Untuk Sebuah Kebanggaan

Kenangan cukup menjadi kenangan. Dan kau telah menjadi pelajaran bagiku, untuk segala perasaan yang tak perlu semua orang tahu. Kadang ku berpikir mungkin jika aku kembali dan menunggu disana masih ada senyummu yang bertutur ambigu , tapi banyak hal sekarang tak lagi penting seperti dulu. Cukup aku dengan ambisiku, kau dengan pengagummu.

Dan katakanlah aku seorang yang tak tahu diri, tanpa suatu yang pantas dan memuakkan. Tapi setidaknya banyak hal yang kumengerti tentang arti diam dan menghargai. Tentang kegagalan dan mimipi-mimpi tak tercapai. Tentang harapan dan kenyataan yang tak sejalan. Tentang ambisi dan obsesi yang balik menyerang diri sendiri. Setidaknya aku tahu bagaimana pedihnya hidup bersama penghinaan. Setidaknya aku mengerti bagaimana menyikapinya dan menemukan jalan untuk bangkit dengan kepala yang tak tertunduk, dengan bahu yang terus tegak.



Tenang saja teman, aku akan bangkit kembali setiap kali caci maki berduri menghampiri. Karena mulut mereka yang penuh sumpah tak cukup hebat mengikis impian yang dibangun diatas kebanggaan diri. Tak cukup kuat menghempas kepedulian karena masih tetap dengan perasaan yang sama. 
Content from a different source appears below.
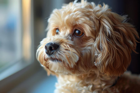 Closeup of a contemplative dog looking out a window, bathed in soft light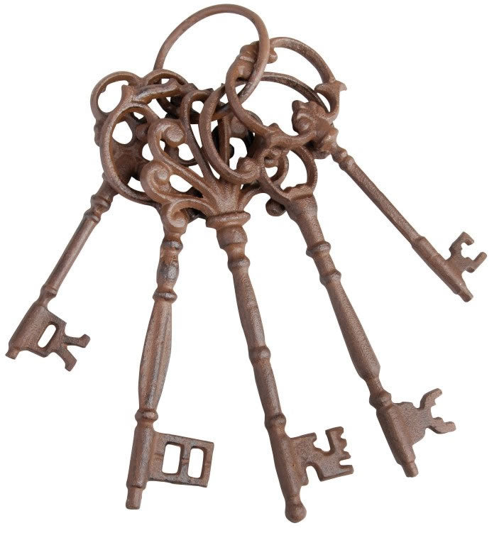 This decorative keyring with five old fashioned cast iron keys has been hand cast according to centuries old tradition and craftsmanship. Dimensions 6.5 x 8.2 x 24.5 cm

Ya memang benar, aku pernah mencintainya dan perasaan itu erat mengcengkram bahu ku ketika jenuh hampir mematahkan asa yang tersandung kegagalan. Kebanggan itu menggantung dipelupuk mataku ketika terbasahi oleh air mata yang diselubungi oleh kenaifan. Berhari-hari kupikirkan dan tak kutemui penyesalan karena kusadari ia dari waktu ke waktu telah menjadi inspirasiku. 

Ada kesedihan disana, tawa untuk menutupinya dan tangisan yang tersimpan. Tapi kehadirannya seringkali menjadi semangat untuk beban berat yang tak bisa gamblang terungkap. Bukan senyumnya, karena aku tahu ia tak punya satu saja untukku. Bukan kebaikannya, karena sinis yang tiap kali terungkap. Bukan materi, karena aku tak peduli segala yang ia miliki. Aku bertahan karena dalam hati dan pikiranku tak ada alasan untuk melepaskan. Tak ada alasan untuk menuntutnya. Tak ada alasan untuk memilikinya. Tak ada alasan untuk memilih dan dipilih. Karena aku dan dia bukan pilihan. Satu-satunya yang tersimpan dalam hati hanyalah eksistensiku sendiri. Hanya karena itulah aku, bukan dia yang hanya mengagumimu. Mungkin tentang kebaikan dan materi yang kau janjikan.

Aku sudah mengakhirinya dan tak berpikir untuk mengungkapnya kembali. karena kusadari bahwa ini adalah hidup dan bukan permainan yang harus menang untuk sebuah kebanggaan. Untuk banyak harapan yang terselip dan kutemukan dari bibir mereka, dari kemungkinan yang tercecer diantara langkahmu, ada satu kesadaran yang pasti. Harapan hanyalah harapan.

Di setiap kedukaan selalu ada teman yang memudahkan. Memberi kesembuhan dengan rasa nyaman.